Tigers defense: The defense was sloppy all around and the Tigers paid for it. The Mariners jumped to an early 4-0 lead before the Tigers had even got on the board, unable to recover.
First base: First base was a dangerous place to be Friday night. Cabrera jammed his thumb tagging out Jackson at first in the first, Kinsler's guidance system needed some re-alignment and V. Martinez played football, colliding with Morrison at first base. Despite unnecessary roughness, Morrison managed to hold onto the ball for the out.
Tigers bottom five in the offense: Were a combined 2-17 with four strikeouts and one walk for the night. Neither of the two hits by J.D. Martinez and Eugenio Suarez plated a run, and neither scored. Nick Castellanos and Bryan Holaday both finished 0-4 with a strikeout each and Hunter was 0-3 with a walk and a strikeout.

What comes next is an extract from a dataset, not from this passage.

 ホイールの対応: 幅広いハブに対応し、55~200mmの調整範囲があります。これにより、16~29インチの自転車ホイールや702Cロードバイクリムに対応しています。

Mariners defense: Despite a couple of Cabrera doubles and a triple by Davis, the Tigers hit just about everything straight into the outstretched (and sometimes stationary) gloves of the Mariners defense. The Tigers could have lived without the ill-timed hits as well.

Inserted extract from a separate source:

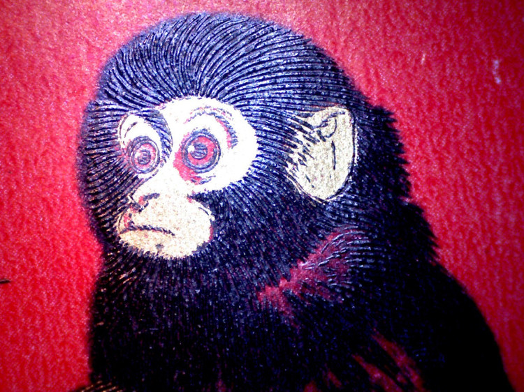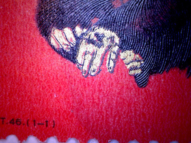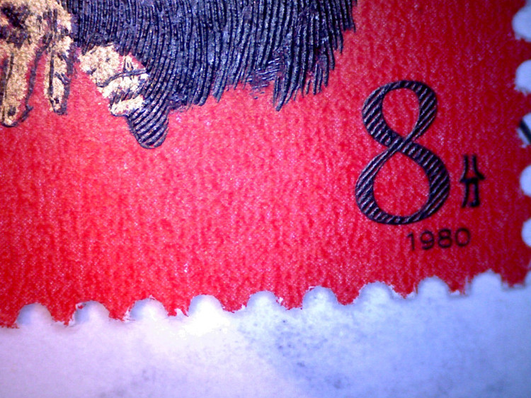 金猴原票用影雕套印,分辨主要看红色的底色是否红色和枣红色的影写版印刷,另外看猴子的黑色凸凹毛的角度、边缘状况有否零乱。对有边纸的金猴更多一些分辨方法,就是边纸的红色边缘在X30倍放大镜下呈凸凹不平整,可看到鲜红色的线条在枣红色的底色下呈45度右上向左下倾斜。
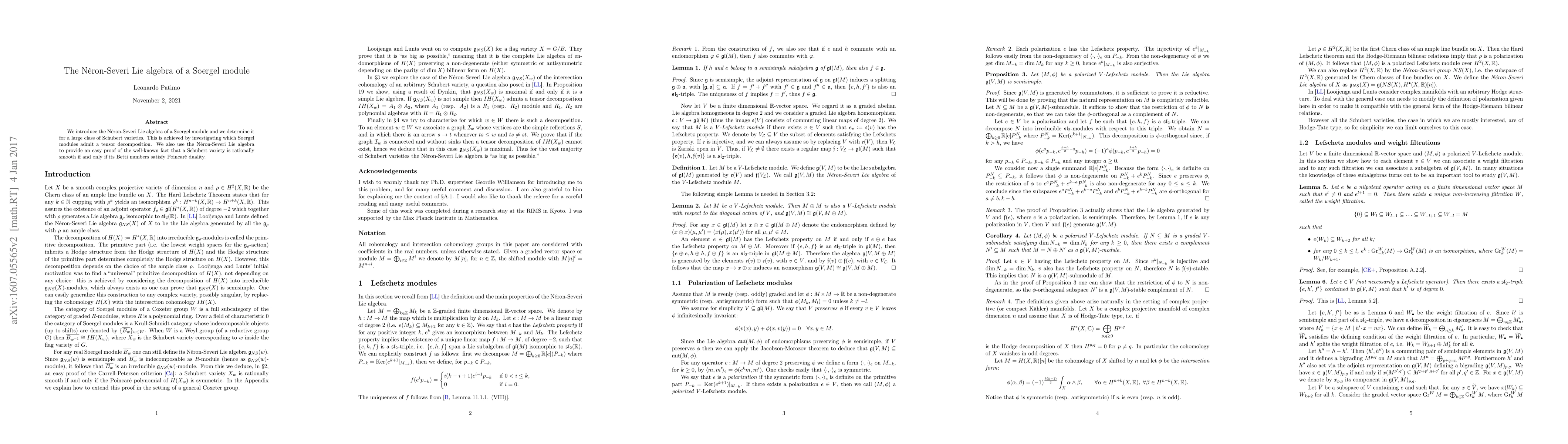 The introduction and characterization of the Néron-Severi Lie algebra of a Soergel module, along with its application to Schubert varieties, represents a significant technical advancement in representation theory and algebraic geometry.

Ian Krol: He came on in the ninth inning with the Tigers trailing by four runs. Endy Chavez tripled with one out and that hit came around to score on a 1-3-6 play when Chris Taylor, who had walked, was caught trying to steal second base. Krol finished having allowed an earned run, a hit, and a walk, striking out Jackson to end the ninth with the Tigers trailing 7-2.
Austin Jackson's return to Detroit was well received, as it should have been. Tigers fans gave Jackson a standing ovation twice, once when he was initially announced for the Mariners starting rotation, and the second when he was announced for his leadoff at-bat. Jackson tipped his batting helmet in appreciation and on his second trip to the plate received another chorus of cheers from the crowd.

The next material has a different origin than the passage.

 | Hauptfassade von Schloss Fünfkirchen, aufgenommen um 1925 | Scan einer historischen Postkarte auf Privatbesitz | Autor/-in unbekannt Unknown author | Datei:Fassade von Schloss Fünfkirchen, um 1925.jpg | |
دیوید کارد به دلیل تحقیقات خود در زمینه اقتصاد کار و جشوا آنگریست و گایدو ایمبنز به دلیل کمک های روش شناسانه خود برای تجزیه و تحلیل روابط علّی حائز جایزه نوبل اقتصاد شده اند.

Miguel Cabrera had to be checked on briefly by Tigers head athletic trainer Kevin Rand in the first inning after applying a tag to Austin Jackson for the out. Cabrera's thumb slipped out of his glove while applying the tag, which caused his thumb to bend back. Cabrera remained in the game and went on to hit two doubles.
STREAKS AND STATS:
- Rick Porcello had gone at least seven innings in each of his last five starts. He lasted six Friday night and gave up six runs (five earned) on 10 hits, striking out three to take the loss. The last time Porcello failed to record his first quality start was back on July 6 when he gave up seven runs on 11 hits, recording just two strikeouts.
- Miguel Cabrera finished 2-3 with two doubles, a run, a walk, and an RBI. He was the only Tigers player to record multiple hits, and the only one with an extra-base hit.
- Cabrera has recorded two-or-more extra-base hits in nine games this season, which ties him for fifth in the American League.
- Bryan Holaday has been hitless in six of his last 10 games with only two RBI, both of which occurred on July 29 against the Chicago White Sox. Holaday has walked twice and struck out nine times in 32 at-bats.
- The Tigers lost possession of the second wildcard spot with the loss Friday night.
- Melvin Mercedes made his major league debut in the seventh inning, pitching two shutout innings where he struck out two (both in the eighth), one swinging and one looking. Mercedes became the 11th player to make his major league debut with the Tigers this season.
- Friday night's attendance of 42,385 is the 20th sellout crowd of the season, and the fifth consecutive sellout for the Tigers.